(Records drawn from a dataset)
....
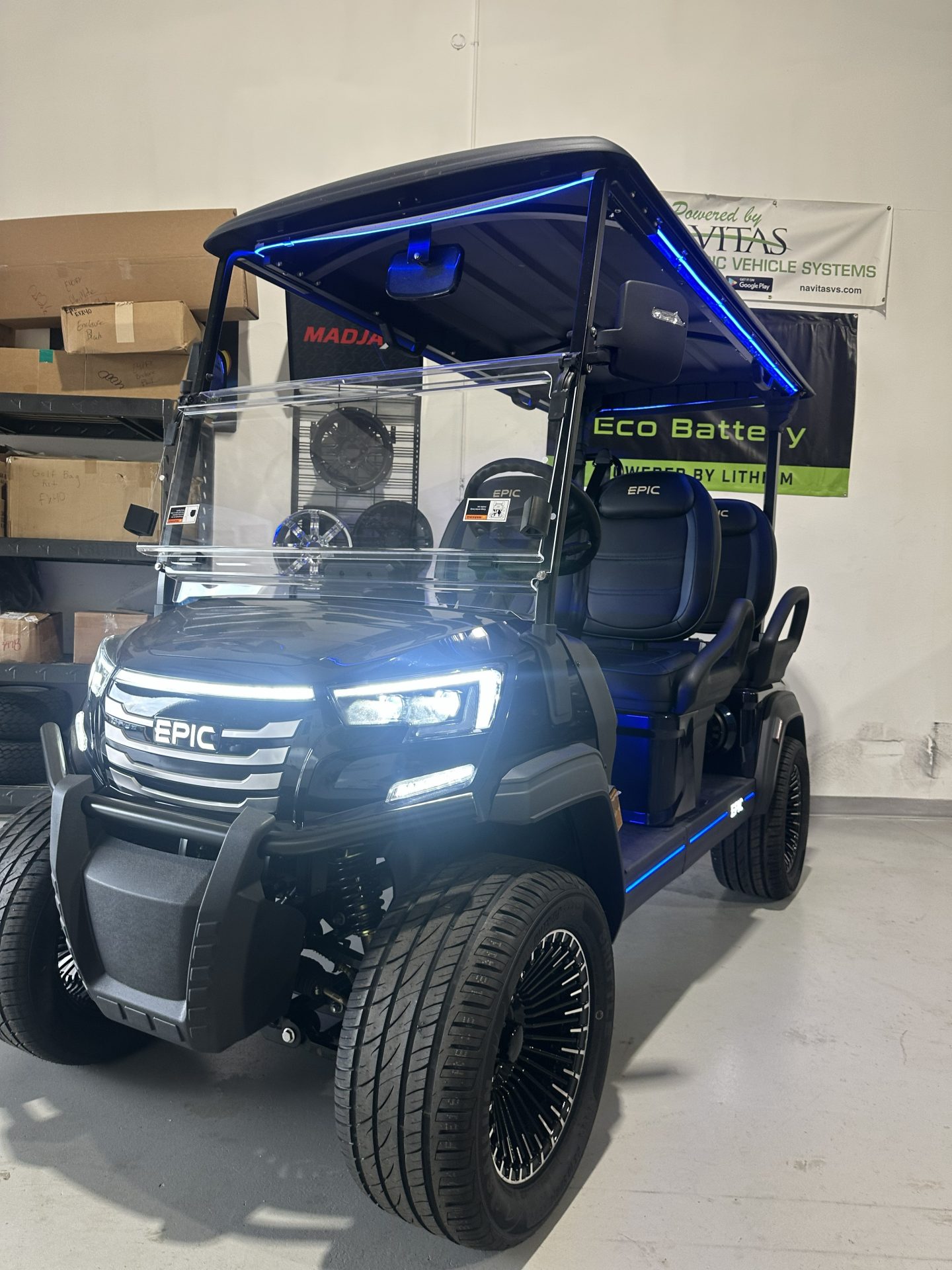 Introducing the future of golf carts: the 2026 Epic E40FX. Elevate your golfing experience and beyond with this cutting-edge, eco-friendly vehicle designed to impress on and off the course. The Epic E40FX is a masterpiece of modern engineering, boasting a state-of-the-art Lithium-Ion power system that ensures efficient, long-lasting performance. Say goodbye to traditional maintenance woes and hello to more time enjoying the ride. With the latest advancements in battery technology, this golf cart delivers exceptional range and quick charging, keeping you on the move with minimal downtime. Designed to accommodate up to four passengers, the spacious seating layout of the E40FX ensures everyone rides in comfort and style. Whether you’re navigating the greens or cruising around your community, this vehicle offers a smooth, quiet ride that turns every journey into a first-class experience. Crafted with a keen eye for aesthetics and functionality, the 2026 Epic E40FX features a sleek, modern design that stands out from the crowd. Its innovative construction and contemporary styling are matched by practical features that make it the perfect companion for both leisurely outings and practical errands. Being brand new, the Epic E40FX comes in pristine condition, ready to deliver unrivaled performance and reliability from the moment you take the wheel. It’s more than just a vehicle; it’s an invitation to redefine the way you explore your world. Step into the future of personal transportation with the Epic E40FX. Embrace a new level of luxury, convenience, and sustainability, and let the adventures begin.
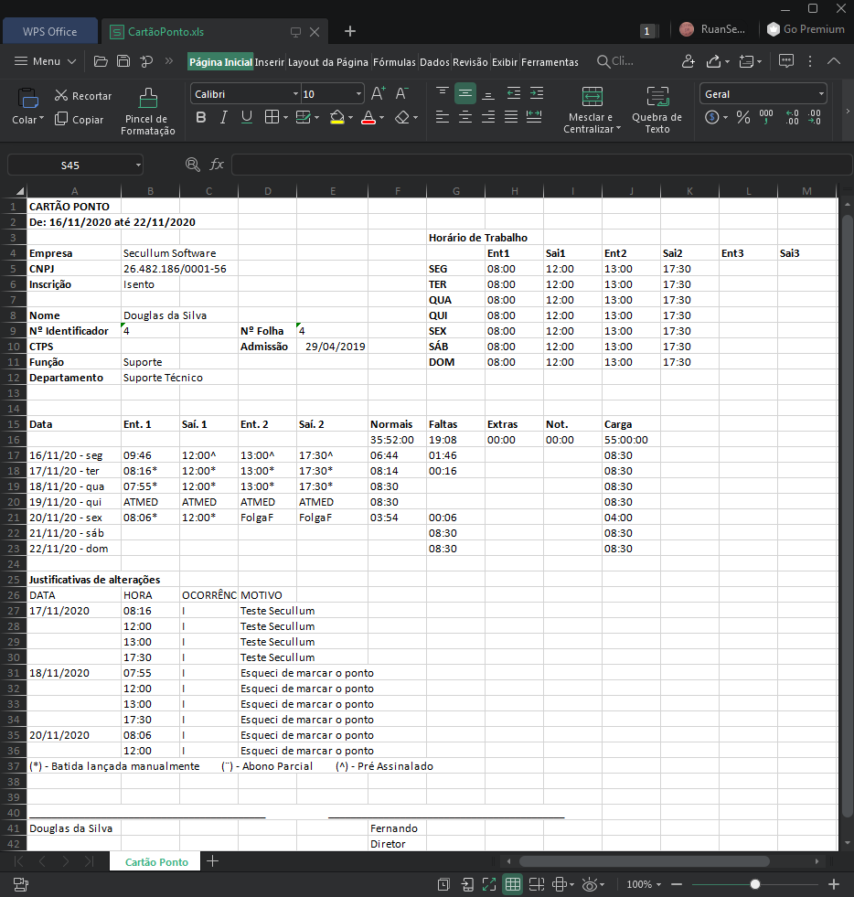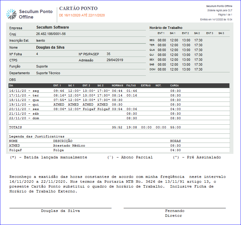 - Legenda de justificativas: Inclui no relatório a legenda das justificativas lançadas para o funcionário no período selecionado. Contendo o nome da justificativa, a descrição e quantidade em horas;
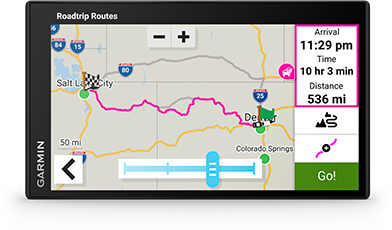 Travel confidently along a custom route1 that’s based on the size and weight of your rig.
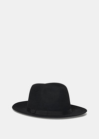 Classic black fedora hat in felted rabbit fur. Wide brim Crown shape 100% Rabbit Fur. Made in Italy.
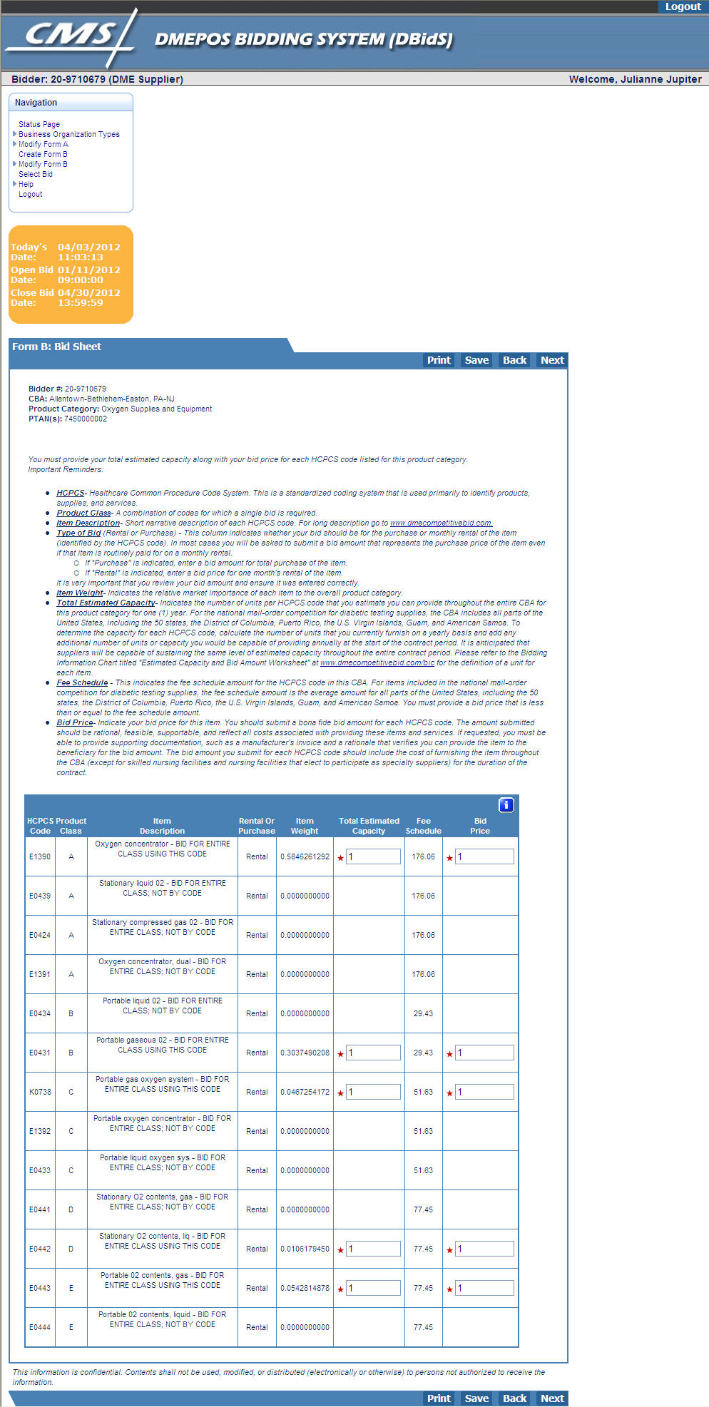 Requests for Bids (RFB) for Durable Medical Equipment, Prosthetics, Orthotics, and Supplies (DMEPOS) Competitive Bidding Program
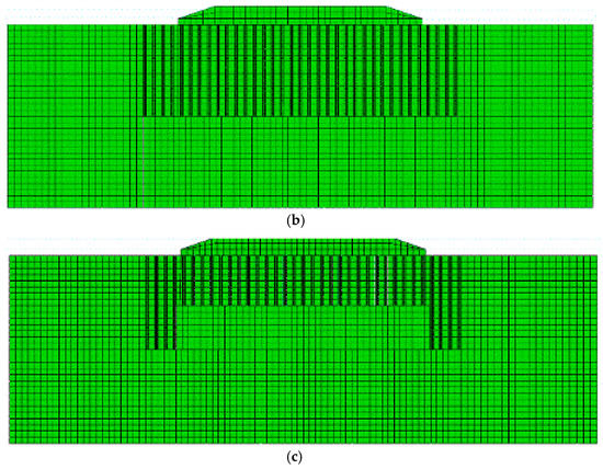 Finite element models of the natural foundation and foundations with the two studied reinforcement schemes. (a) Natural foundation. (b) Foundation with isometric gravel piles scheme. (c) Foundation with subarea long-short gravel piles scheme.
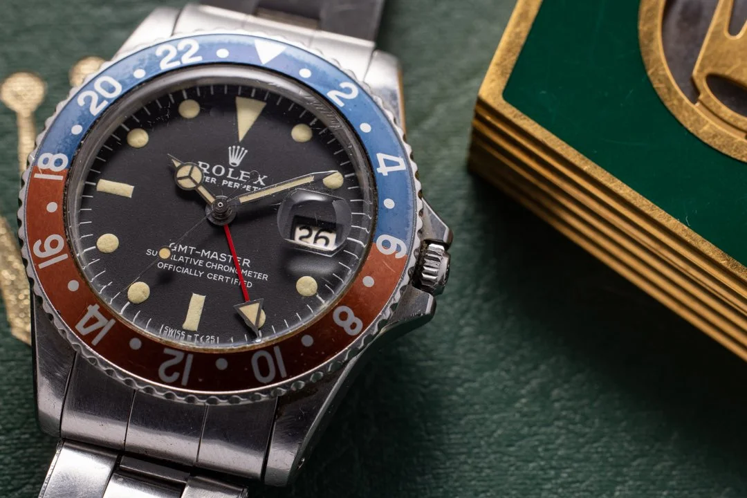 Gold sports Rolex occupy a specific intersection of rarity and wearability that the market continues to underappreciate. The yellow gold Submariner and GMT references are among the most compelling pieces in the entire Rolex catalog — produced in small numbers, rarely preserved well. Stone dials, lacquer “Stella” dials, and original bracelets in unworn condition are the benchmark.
....
[EXERCISE REQUIREMENTS]: Strip out the images, then output the records above word for word.

[SOLUTION]:
 Introducing the future of golf carts: the 2026 Epic E40FX. Elevate your golfing experience and beyond with this cutting-edge, eco-friendly vehicle designed to impress on and off the course. The Epic E40FX is a masterpiece of modern engineering, boasting a state-of-the-art Lithium-Ion power system that ensures efficient, long-lasting performance. Say goodbye to traditional maintenance woes and hello to more time enjoying the ride. With the latest advancements in battery technology, this golf cart delivers exceptional range and quick charging, keeping you on the move with minimal downtime. Designed to accommodate up to four passengers, the spacious seating layout of the E40FX ensures everyone rides in comfort and style. Whether you’re navigating the greens or cruising around your community, this vehicle offers a smooth, quiet ride that turns every journey into a first-class experience. Crafted with a keen eye for aesthetics and functionality, the 2026 Epic E40FX features a sleek, modern design that stands out from the crowd. Its innovative construction and contemporary styling are matched by practical features that make it the perfect companion for both leisurely outings and practical errands. Being brand new, the Epic E40FX comes in pristine condition, ready to deliver unrivaled performance and reliability from the moment you take the wheel. It’s more than just a vehicle; it’s an invitation to redefine the way you explore your world. Step into the future of personal transportation with the Epic E40FX. Embrace a new level of luxury, convenience, and sustainability, and let the adventures begin.
 - Legenda de justificativas: Inclui no relatório a legenda das justificativas lançadas para o funcionário no período selecionado. Contendo o nome da justificativa, a descrição e quantidade em horas;
 Travel confidently along a custom route1 that’s based on the size and weight of your rig.
 Classic black fedora hat in felted rabbit fur. Wide brim Crown shape 100% Rabbit Fur. Made in Italy.
 Requests for Bids (RFB) for Durable Medical Equipment, Prosthetics, Orthotics, and Supplies (DMEPOS) Competitive Bidding Program
 Finite element models of the natural foundation and foundations with the two studied reinforcement schemes. (a) Natural foundation. (b) Foundation with isometric gravel piles scheme. (c) Foundation with subarea long-short gravel piles scheme.
 Gold sports Rolex occupy a specific intersection of rarity and wearability that the market continues to underappreciate. The yellow gold Submariner and GMT references are among the most compelling pieces in the entire Rolex catalog — produced in small numbers, rarely preserved well. Stone dials, lacquer “Stella” dials, and original bracelets in unworn condition are the benchmark.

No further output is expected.